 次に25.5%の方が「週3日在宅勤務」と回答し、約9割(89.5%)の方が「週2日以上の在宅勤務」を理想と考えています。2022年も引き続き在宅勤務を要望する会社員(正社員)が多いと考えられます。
* * * * * * * * *
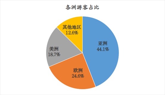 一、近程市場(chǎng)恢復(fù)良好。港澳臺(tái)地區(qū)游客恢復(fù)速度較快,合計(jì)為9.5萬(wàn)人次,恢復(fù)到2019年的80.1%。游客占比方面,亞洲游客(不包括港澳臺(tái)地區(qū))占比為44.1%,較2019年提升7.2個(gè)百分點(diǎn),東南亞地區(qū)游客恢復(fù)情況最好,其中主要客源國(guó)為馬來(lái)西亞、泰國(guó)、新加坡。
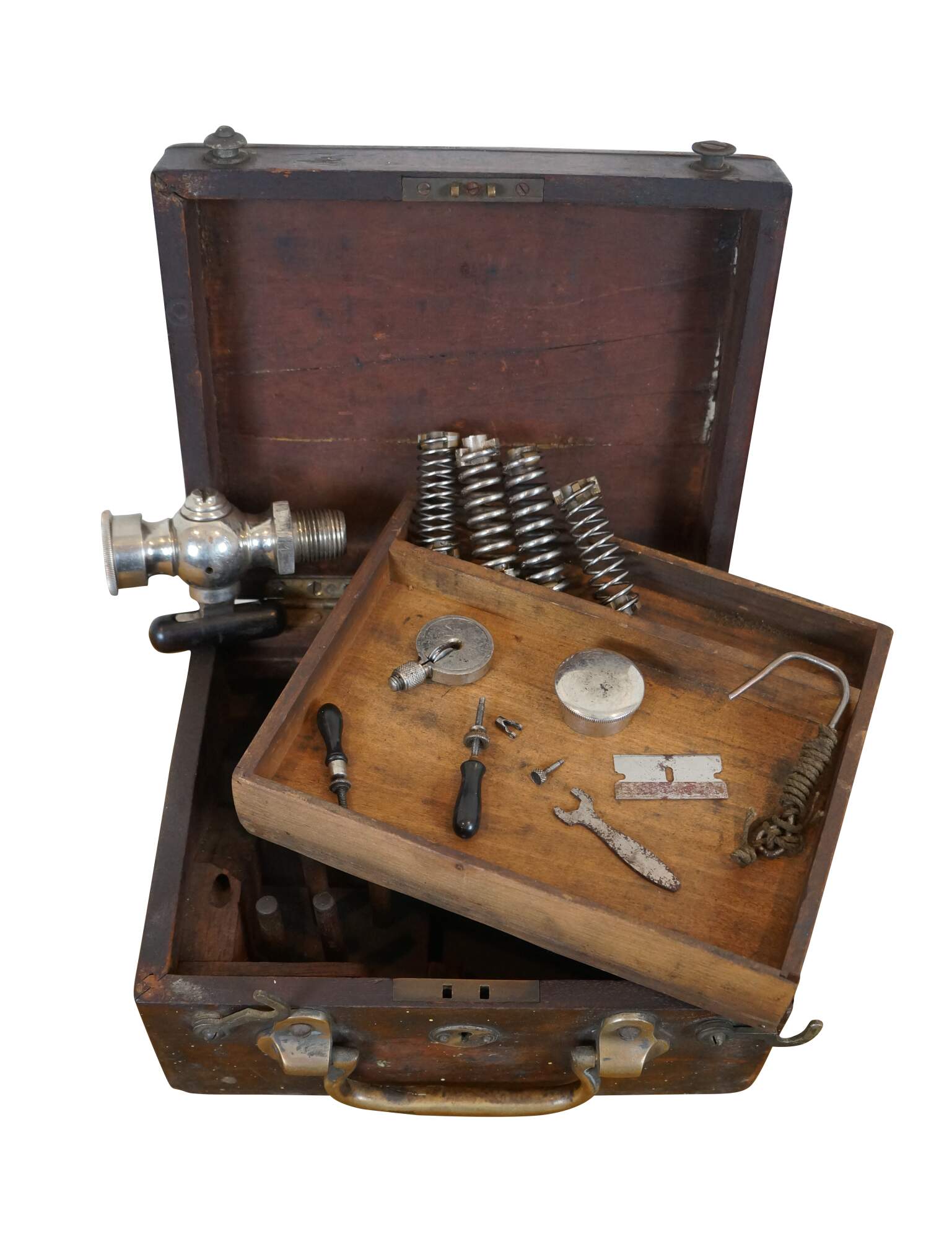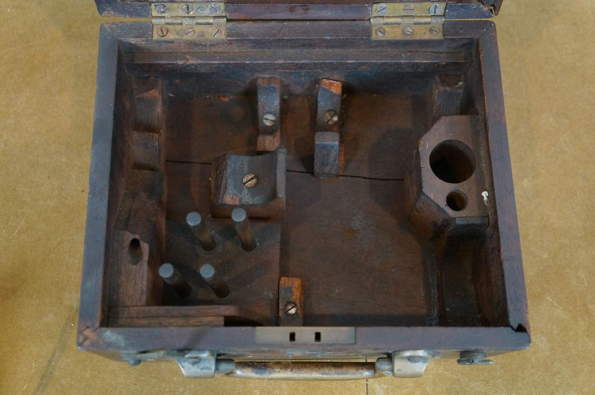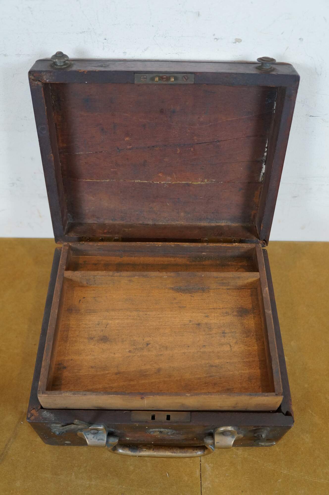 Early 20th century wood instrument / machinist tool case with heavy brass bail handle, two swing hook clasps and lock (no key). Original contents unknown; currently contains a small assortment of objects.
* * * * * * * * *
## [TASK DESCRIPTION]
The reply should hold the entries above from the line with "一、近程市場(chǎng)恢" to the line with "Early 20th century", duplicated exactly, pictures excluded.

## [EXERCISE RESULT]
 一、近程市場(chǎng)恢復(fù)良好。港澳臺(tái)地區(qū)游客恢復(fù)速度較快,合計(jì)為9.5萬(wàn)人次,恢復(fù)到2019年的80.1%。游客占比方面,亞洲游客(不包括港澳臺(tái)地區(qū))占比為44.1%,較2019年提升7.2個(gè)百分點(diǎn),東南亞地區(qū)游客恢復(fù)情況最好,其中主要客源國(guó)為馬來(lái)西亞、泰國(guó)、新加坡。
 Early 20th century wood instrument / machinist tool case with heavy brass bail handle, two swing hook clasps and lock (no key). Original contents unknown; currently contains a small assortment of objects.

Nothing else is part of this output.